Au Goong and Lemongrass Cocktail
Traditionally, at the start of the rainy season, as rice saplings are being planted, farmers will draw water into the paddy fields. This is hard and tiring work requiring long hours each day. Therefore farmers will bring prepared and filling meals to the paddy fields to fuel their energy for the day’s work. Au is a common dish brought on such occasions. This dish is infused with rich spices and served with a refreshing lemongrass cocktail.
Grilled river prawns with fresh meat scooped out and cooked with Lanna spices and served Lanna style has the nose twitching with scents of lemongrass, turmeric and fresh spicy herbs. Fresh salad is served to cool the palate.

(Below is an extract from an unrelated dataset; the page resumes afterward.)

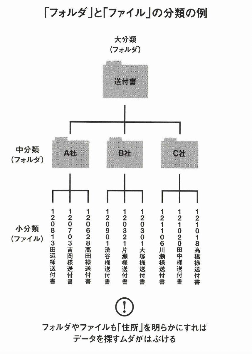 入口となる大分類のフォルダは、デスクトツプに置いておいてもよいですが、あまりたくさんあると入口でつまずいてしまうので、「デスクトップ上には、3列を超えるフォルダを置かないようにする」といった基準をもうけるといいで・しよヽつcフォルダは大まかなフォルダ名(所番地)でも問題ありませんが、それぞれのファイルは、日付、会社名やお客さまの名前、ファイルの内容など、細かい情報を盛り込んだファイル名がいいでしょう。
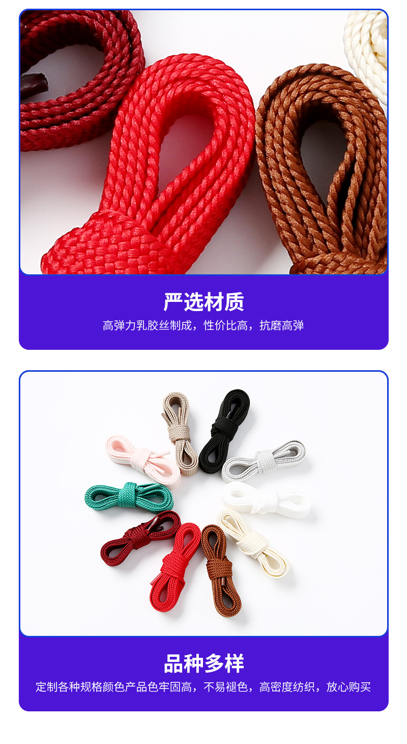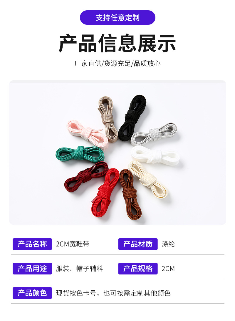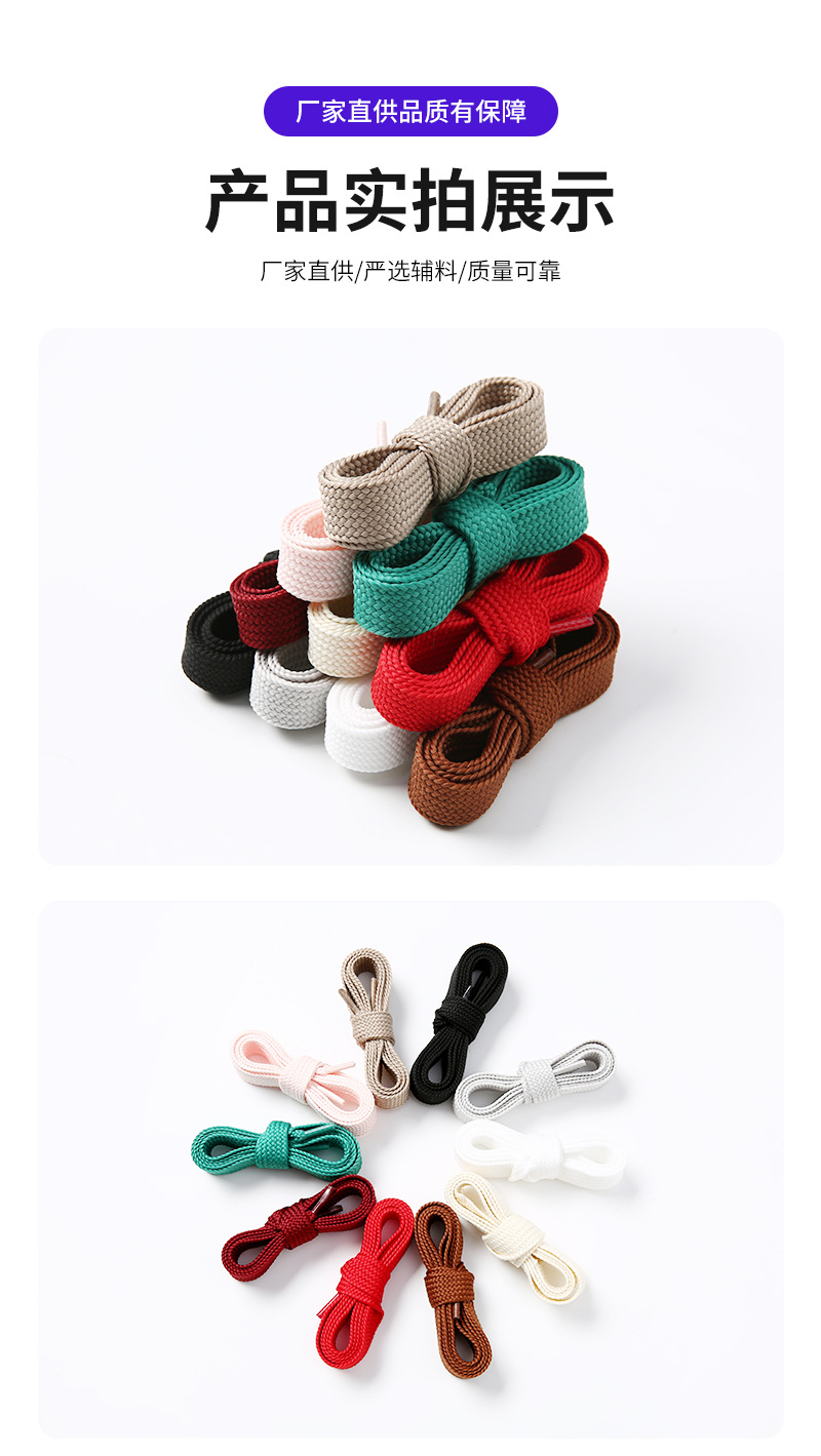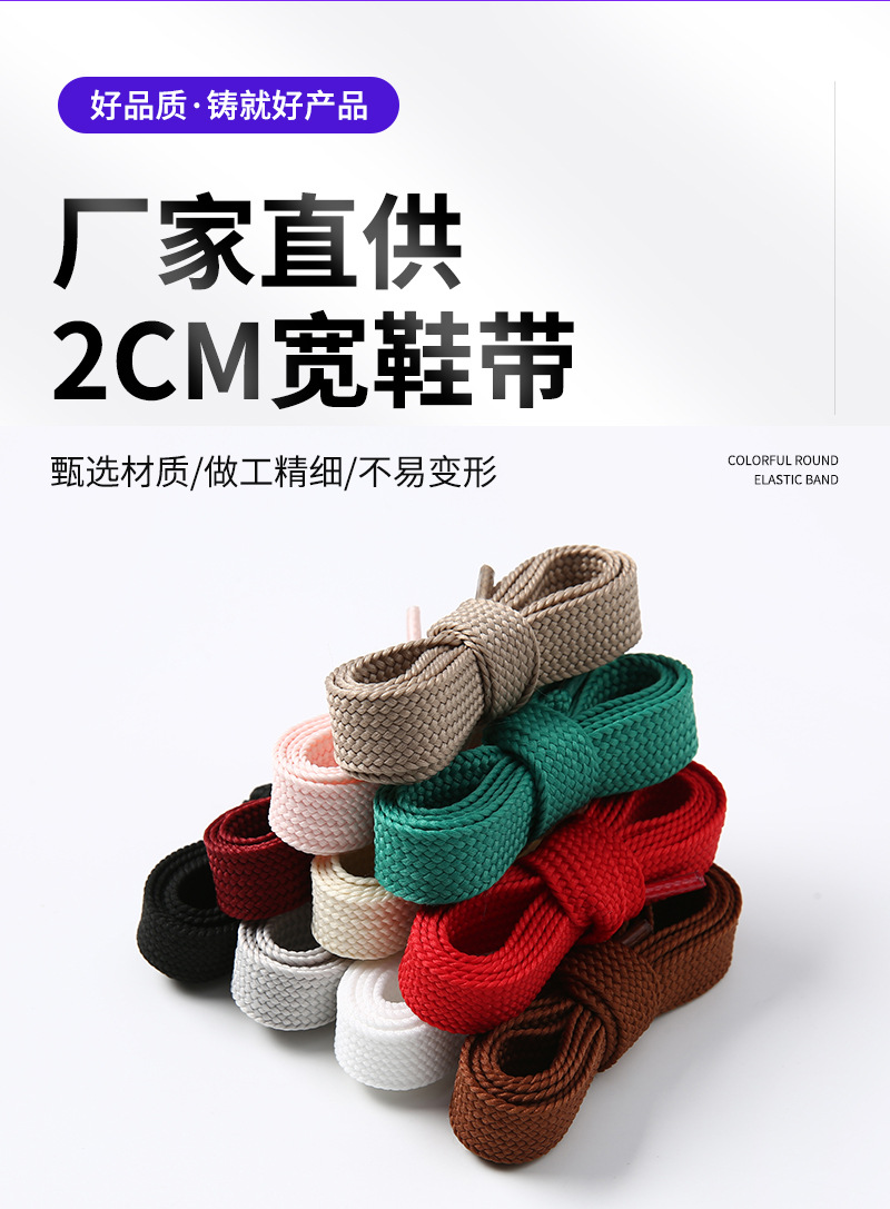 Оптовые поставки от производителя: плоские шнурки 2 см, плоские шнурки, сверхширокие плоские шнурки, плоские шнурки-веревки, односторонние шнурки.

This dish is served with a Chalong Bay rum cocktail with Chiang Mai’s Ma Jai Dum spirit mixed with homemade lemongrass spirit, fresh lemongrass, cucumber, sweet basil, fresh lime and tonic. A refreshing compliment to the spicy flavours of the dish inspired by ingredients that are available at the beginning of the planting season and during the field preparation period.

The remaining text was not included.